Work request:
Only the lines from the one containing "Tunic is used" through the end of the records should be retyped, exactly and including both ends; pictures stay out.

Input:

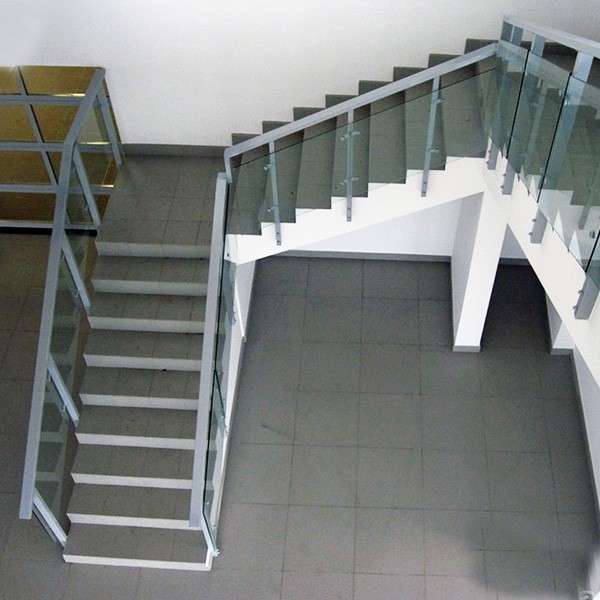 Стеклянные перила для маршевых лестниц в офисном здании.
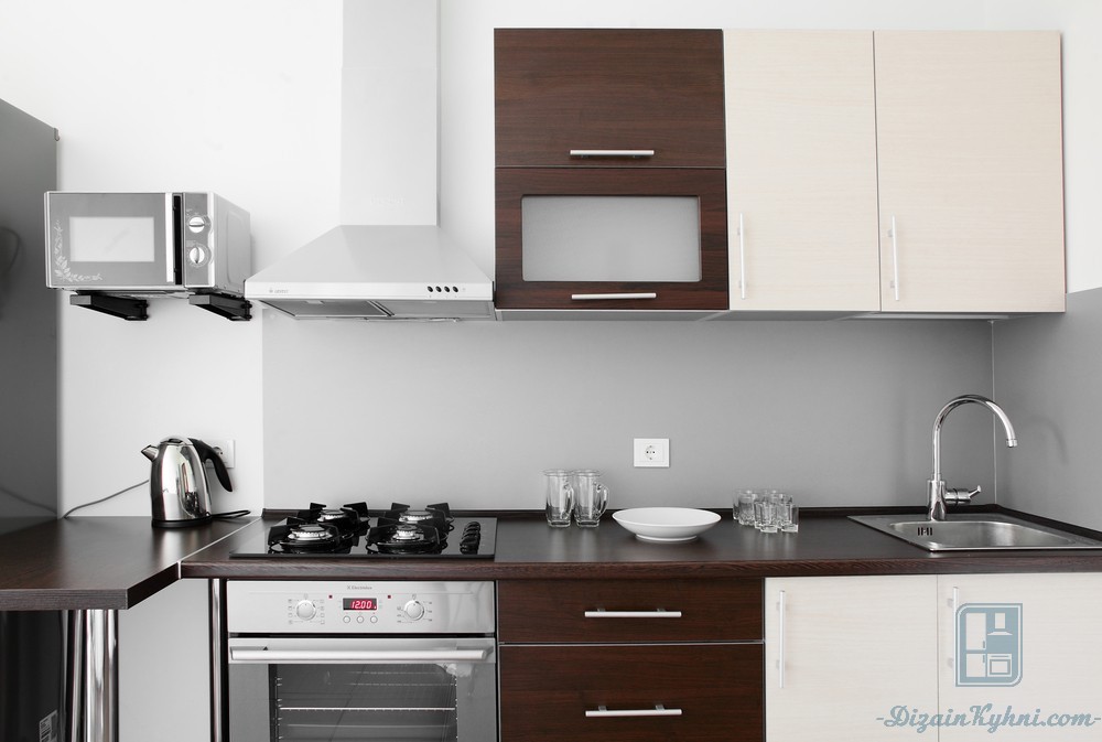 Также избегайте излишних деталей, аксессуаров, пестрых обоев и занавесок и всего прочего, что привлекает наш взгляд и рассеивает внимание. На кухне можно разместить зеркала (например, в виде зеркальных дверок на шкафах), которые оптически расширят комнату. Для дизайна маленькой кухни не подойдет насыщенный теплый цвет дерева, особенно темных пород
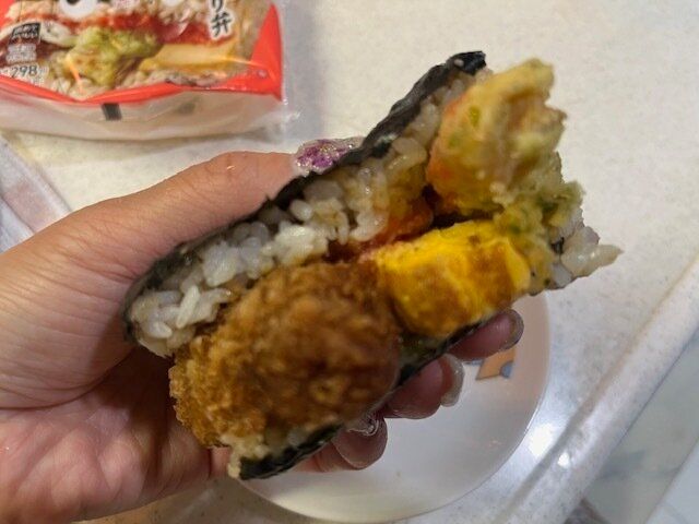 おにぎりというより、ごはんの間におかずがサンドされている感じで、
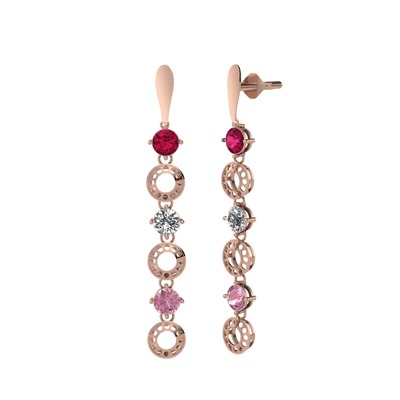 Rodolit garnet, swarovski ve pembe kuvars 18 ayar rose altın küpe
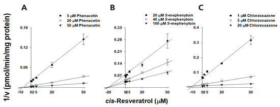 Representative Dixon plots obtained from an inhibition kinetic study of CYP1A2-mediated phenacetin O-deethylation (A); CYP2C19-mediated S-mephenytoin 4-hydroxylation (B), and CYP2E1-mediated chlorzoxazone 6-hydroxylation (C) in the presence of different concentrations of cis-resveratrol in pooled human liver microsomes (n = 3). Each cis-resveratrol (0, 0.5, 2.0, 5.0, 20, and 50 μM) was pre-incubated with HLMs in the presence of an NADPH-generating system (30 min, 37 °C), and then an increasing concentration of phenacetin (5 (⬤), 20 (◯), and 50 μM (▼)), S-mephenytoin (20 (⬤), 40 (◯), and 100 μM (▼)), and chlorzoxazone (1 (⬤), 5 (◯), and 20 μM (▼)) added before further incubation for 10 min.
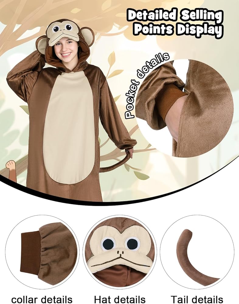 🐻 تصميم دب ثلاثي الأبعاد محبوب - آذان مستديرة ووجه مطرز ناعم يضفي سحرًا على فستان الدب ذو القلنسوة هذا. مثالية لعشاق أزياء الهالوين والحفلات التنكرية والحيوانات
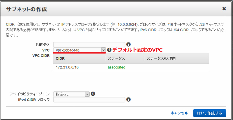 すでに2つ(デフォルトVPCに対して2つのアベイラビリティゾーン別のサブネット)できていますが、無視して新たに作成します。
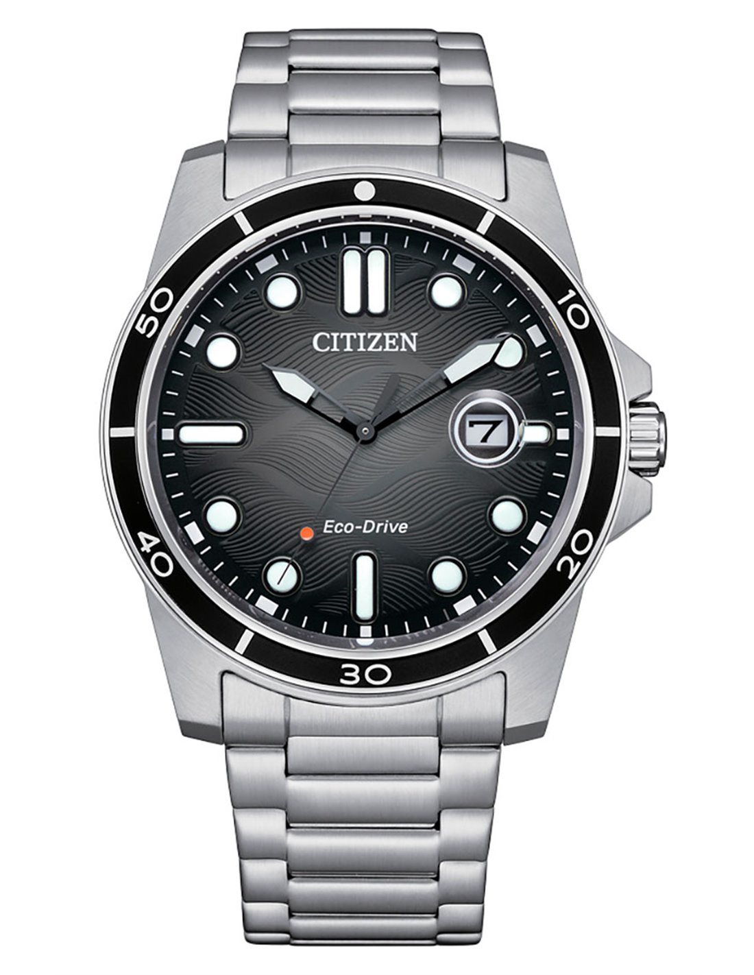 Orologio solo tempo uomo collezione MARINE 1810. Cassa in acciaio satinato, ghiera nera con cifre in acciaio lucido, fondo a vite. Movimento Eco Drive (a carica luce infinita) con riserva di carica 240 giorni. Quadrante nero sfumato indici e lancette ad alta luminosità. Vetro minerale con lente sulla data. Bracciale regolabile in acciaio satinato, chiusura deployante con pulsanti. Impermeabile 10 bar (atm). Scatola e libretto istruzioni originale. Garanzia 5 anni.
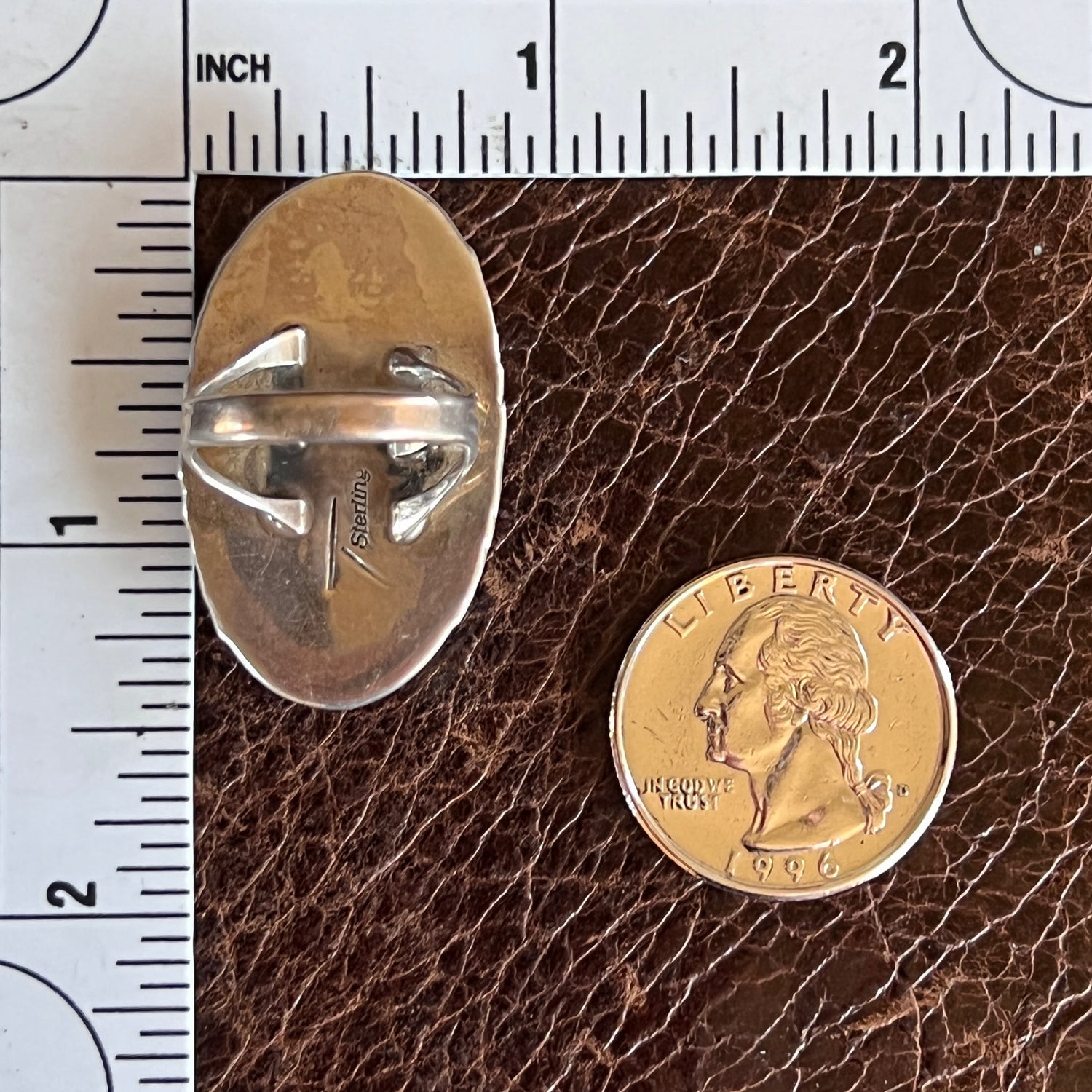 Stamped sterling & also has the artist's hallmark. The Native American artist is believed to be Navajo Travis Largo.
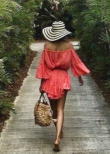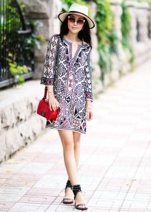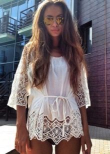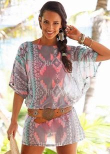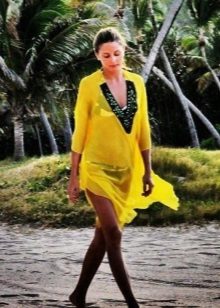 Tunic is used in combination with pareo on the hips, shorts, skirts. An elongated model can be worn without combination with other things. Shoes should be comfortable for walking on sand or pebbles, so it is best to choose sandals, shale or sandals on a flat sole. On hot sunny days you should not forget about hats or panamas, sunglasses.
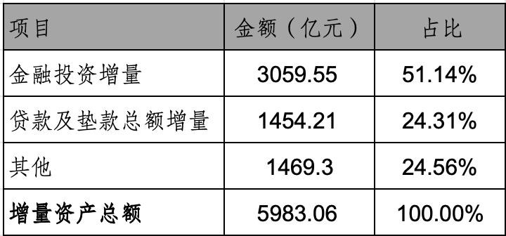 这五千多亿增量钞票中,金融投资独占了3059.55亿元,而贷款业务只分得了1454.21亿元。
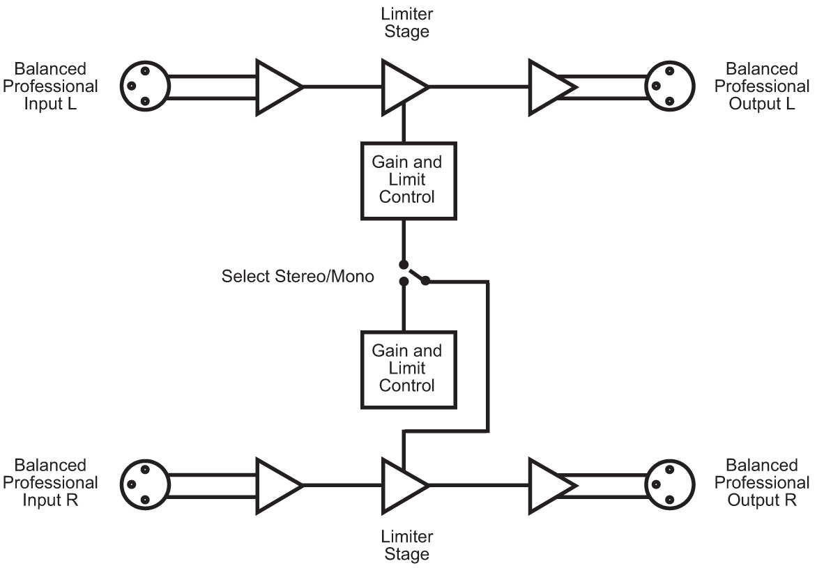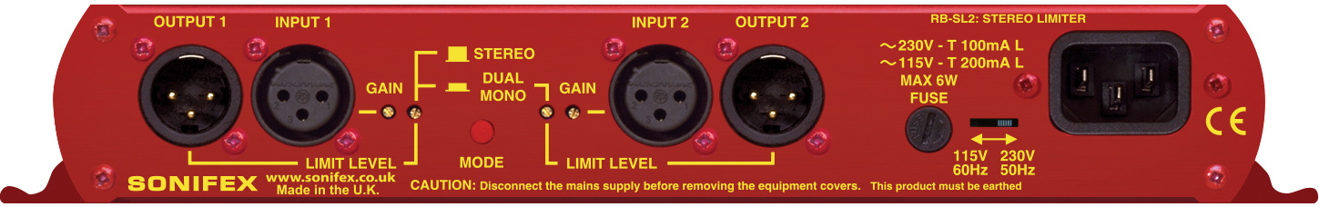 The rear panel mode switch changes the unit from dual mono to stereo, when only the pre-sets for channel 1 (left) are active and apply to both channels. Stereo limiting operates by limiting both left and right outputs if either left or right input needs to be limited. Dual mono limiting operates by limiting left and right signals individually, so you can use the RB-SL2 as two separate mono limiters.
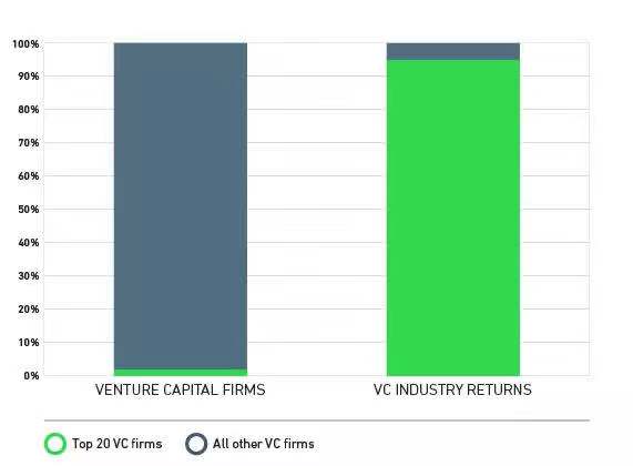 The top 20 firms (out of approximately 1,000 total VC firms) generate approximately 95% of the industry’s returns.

Result:
 Tunic is used in combination with pareo on the hips, shorts, skirts. An elongated model can be worn without combination with other things. Shoes should be comfortable for walking on sand or pebbles, so it is best to choose sandals, shale or sandals on a flat sole. On hot sunny days you should not forget about hats or panamas, sunglasses.
 这五千多亿增量钞票中,金融投资独占了3059.55亿元,而贷款业务只分得了1454.21亿元。
 The rear panel mode switch changes the unit from dual mono to stereo, when only the pre-sets for channel 1 (left) are active and apply to both channels. Stereo limiting operates by limiting both left and right outputs if either left or right input needs to be limited. Dual mono limiting operates by limiting left and right signals individually, so you can use the RB-SL2 as two separate mono limiters.
 The top 20 firms (out of approximately 1,000 total VC firms) generate approximately 95% of the industry’s returns.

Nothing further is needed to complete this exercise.